The assessment of FN-Identify method and the two developed algorithms shows the potentials of the method, with standard microbiology protocols and instruments. FN-Identify is a computational method that is designed as an aid that helps designing and minimizing the experimental procedures required for bacterial identification.
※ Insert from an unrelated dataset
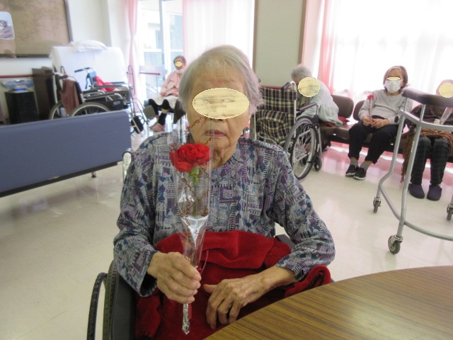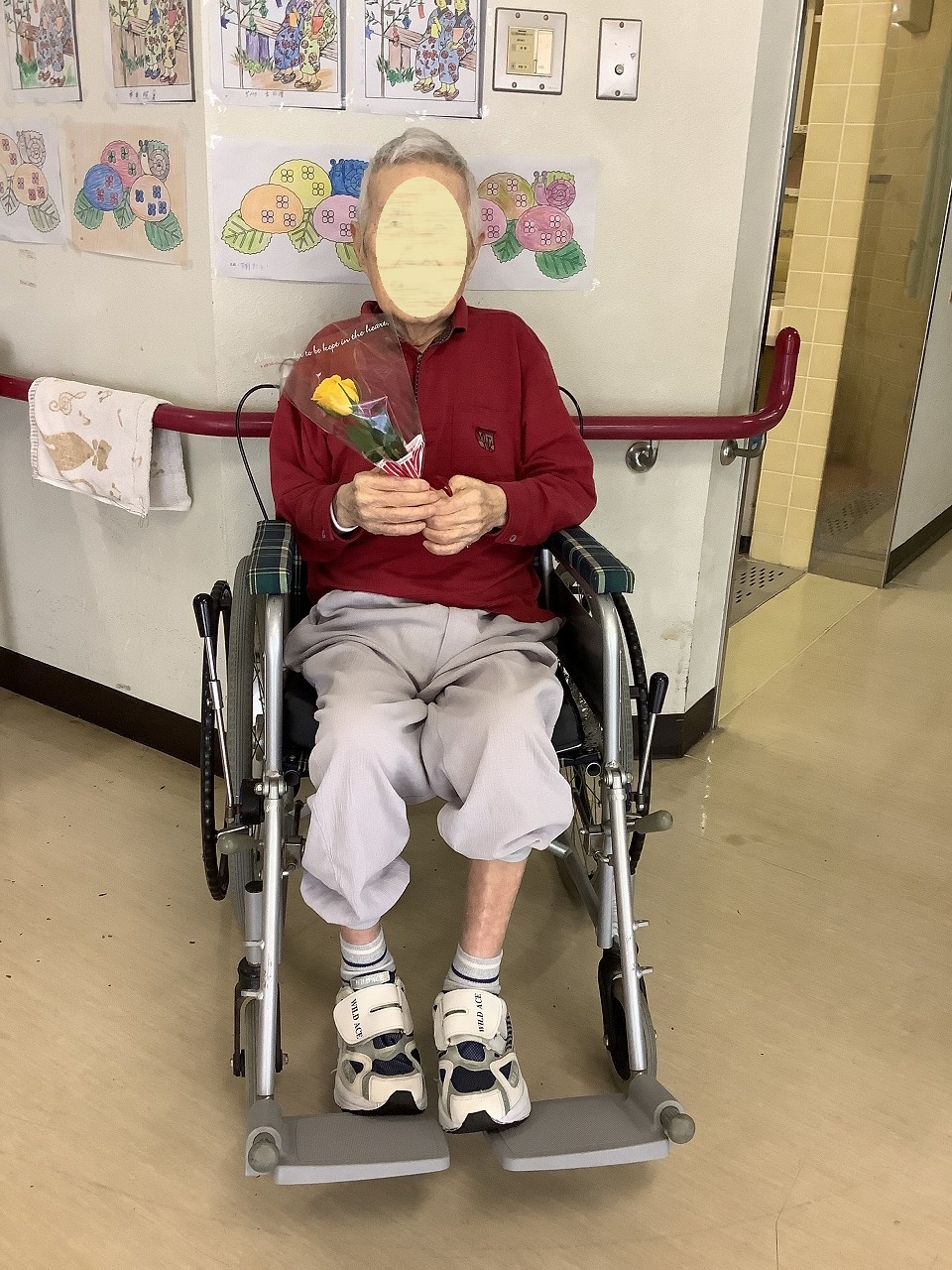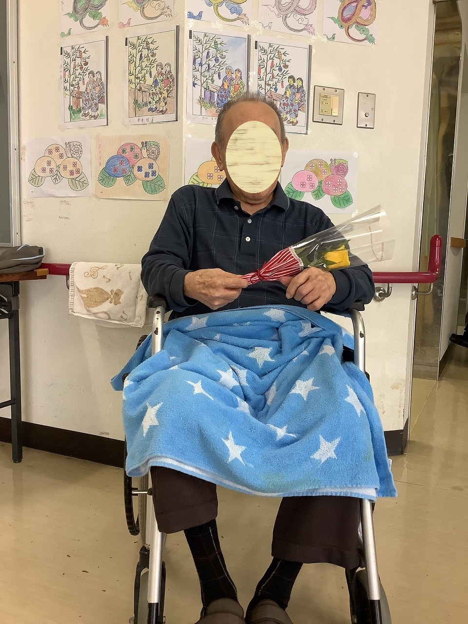 今日は父の日ということで男性利用者様に黄色のバラをプレゼントしました。

Ideally, FN-Identify interfaces with the experimental and clinical workflows through receiving inputs (expected bacterial group, gene(s) to be used for identification, and list of restriction enzymes) and provides outputs that lead the later bench exterminates (list and order of enzymatic restriction experiments and the identification scheme that is used to interpret the experimental results).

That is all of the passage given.